Robert Wuthnow’s book, The Restructuring of American Religion: Society and Faith Since World War II, was published in 1985 and studied what he perceived to be a significant restructuring of the church that began to develop after World War II. The restructuring is in the civil religion that functions as the moral and spiritual backbone of the country and significantly influences society. Wuthnow observed that in the United States, up until World War II, there was a single civil religion that all Americans adhered to and thought of as Christian in nature. After WWII, there developed two distinct civil religions, one favored by religious liberals and one favored by religious conservatives.[1] They had a set of core understandings in common. First, they believed that religious values were the key to morality and a healthy society, both privately and publicly. Second, they believed in the importance of transcendent values in relation to which the nation would be judged. Third, they believed in the relevance of certain biblical principles such as compassion, equity, and liberty. Finally, they believed in and drew upon a common heritage of Judeo-Christian symbols and stories.[2]

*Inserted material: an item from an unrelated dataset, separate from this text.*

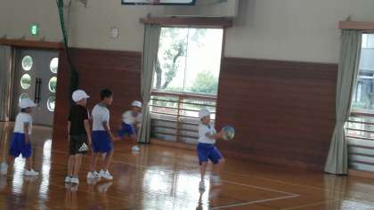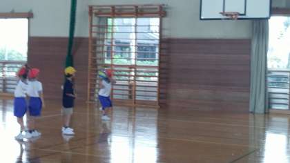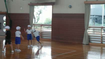 2年生の5時間目は、体育科の学習でした。体育館でボールを投げたりキャッチしたりする練習をしていました。
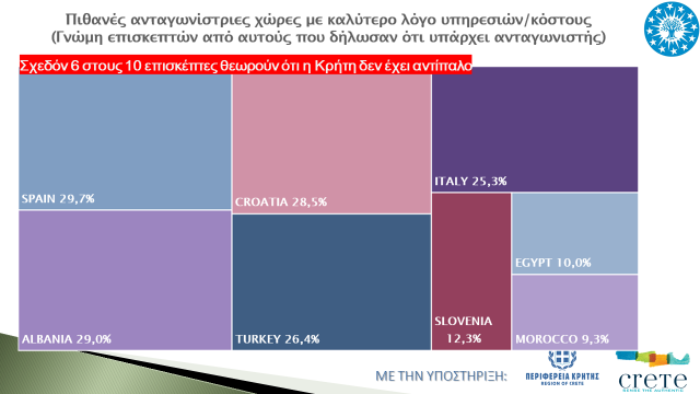 Υψηλό βαθμό παίρνει η Κρήτη συγκριτικά με ανταγωνιστικούς προορισμούς σε σχέση με το λόγο υπηρεσιών/κόστους, αφού έξι στους δέκα τουρίστες δηλώνουν ότι η Κρήτη αποτελεί ο καλύτερος προορισμός και δεν συγκρίνεται με άλλον. Από τους υπόλοιπους τουρίστες, ένας στους τρεις θεωρεί την Ισπανία, την Αλβανία και την Κροατία προορισμούς με καλύτερο λόγο υπηρεσιών/κόστους και ένας στους τέσσερις την Τουρκία και την Ιταλία. Αναφορικά με άλλους προορισμούς, σχεδόν ένας στους δέκα δηλώνει τη Σλοβενία, την Αίγυπτο και το Μαρόκο ως ανταγωνίστριες χώρες σχετικά με το λόγο υπηρεσιών/κόστους.

Where the liberal civil religion differed from the conservative civil religion was in a far more universal and not concrete understanding of what is a church. The focus of the adherents shifted to the actions of good people to roll back bad social conditions. The adherents usually became involved with protest activities, antinuclear coalitions, holistic health groups, positive thinking seminars, and therapy groups. They developed the belief that change is brought about through quick direct action that affects the structures and rules of society, which in turn will change the hearts of the people. They began to believe that Christians needed to meet the needs of the people first in order for them to be able to hear the good news. They understood that morality was socially derived but framed in the private realm for individuals. Their focus became people across the U.S. believing that they have a global role to play because of the country’s resources and that it is a God-given mandate to build the global community over any specific nation.[3]

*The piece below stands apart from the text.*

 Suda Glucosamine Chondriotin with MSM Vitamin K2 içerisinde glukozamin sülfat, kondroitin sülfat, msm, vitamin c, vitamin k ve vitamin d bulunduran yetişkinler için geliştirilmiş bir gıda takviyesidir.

The conservative civil religion adherents developed a very different set of core understandings. They emphasized a belief that the kingdom of God and the second coming of Jesus needed to be understood literally. They believed that the spiritual world is separate from the concrete world. The adherents usually became involved with healing ministries, prison ministries, bible study groups, charismatic groups, and groups concerned about world hunger. They believed that change is brought about through slow deliberate action geared at changing the hearts of the people so that they themselves begin to change the structures and rules. They believed that people needed to hear the good news and save their souls because we may not be able to meet their immediate needs in time. They framed morality in a public context; morality was God given and absolute. Finally, they believed that the U.S. has a special place in the divine order of the universe.[4]
Wuthnow argues that two key things happened as a result of the development of two civic religions. First, how we worship and our role in worship changed. The corporate body became subtly transposed into a service agency for the fulfillment of its individual members. The church shifted its language from corporate language to personal language putting the emphasis on the individual over the group. How to empower the individual to be morally committed was more the issue than how to construct moral community itself. Fellowship was seen mainly as a byproduct of individual devotion, and its role was mainly derived from individual needs to ensure the individuals’ freedoms and imbue them with inner conviction.[5]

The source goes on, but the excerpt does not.